Editor’s note: This dvm360 Q&A has been edited and consolidated from a verbal interview to better fit a written format while retaining the substance of the original conversation.

dvm360: What are some of the most common avian respiratory diseases?

Thielen: Aspergillosis is the most common fungal disease of birds and definitely the most common fungal respiratory disease. But really, being able to recognize the difference between respiratory disease and non-respiratory disease [is important]. Birds have very unique anatomy, so things that cause a bird to present as if it can't breathe may actually have nothing to do with the respiratory tract at all. Environmental and nutritional factors [are] often why these birds become susceptible in the first place.

dvm360: What makes avian respiratory anatomy so distinct from what we see in mammals?

Thielen: Birds don't have a diaphragm, so they breathe differently from the start. Everything is connected through a network of air sacs, which make birds remarkably more efficient at oxygen exchange than any mammal could be. You can think of the air sacs like bellows—they don't exchange oxygen themselves, but they hold air so that on the second breath, the bird can move that air through the lungs and complete gas exchange. That system is what makes birds so extraordinarily efficient.

But it has its drawbacks. Those air sacs are like little balloons. There isn't much of a primary immune defense there. There aren't a lot of cells to trap and clear debris, and the blood supply is limited, so white blood cells can't easily reach an infection. That same efficiency that makes them such incredible breathers also makes them more susceptible to infection, because they lack that primary clearance mechanism.

The upper respiratory system has its own quirks, too. In birds, the sinuses can expand beyond the skull and into the surrounding soft tissue — unlike ours, which are contained within bone. But here's the design flaw: birds' sinuses only drain at the very top of the head. So mucus or pus has to fill the sinus like a fishbowl, all the way to the top, before it finally spills over and you see nasal discharge.
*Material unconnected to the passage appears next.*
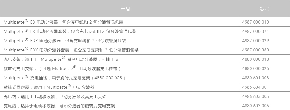 Multipette? E3/E3x 電動(dòng)分液器結(jié)合分液管,提供從 1 μL——50 mL 的分液范圍,特別適合于高粘度、易揮發(fā)、易起泡、高密度及危險(xiǎn)性等問題溶液的精準(zhǔn)移取及分裝。中文彩色界面、RFID 數(shù)據(jù)讀寫、睡眠模式、8 檔速度調(diào)節(jié)等功能提升您的使用體驗(yàn)。

By the time an owner notices something is wrong, the infection is often quite advanced.

dvm360: How do you approach diagnosing respiratory issues in birds? What tools and techniques do you rely on?

Thielen: My primary approach is imaging. You can use radiographs to look at the lungs, but it's really hard to visualize the air sacs on x-ray, and the sinuses are essentially impossible to see. Even with the lungs, disease often has to be quite advanced before you can clearly see what's going on.

So, what I really try to champion is the use of CT. CT is a different imaging modality, and it's a game-changer for avian patients. You can see those thin air sac walls, whether they're thickened or have plaques on them. You can look directly into the trachea, visualize mucus inside the sinuses, and pick up very subtle changes in the lungs that you would otherwise miss entirely. It really changes what's possible diagnostically.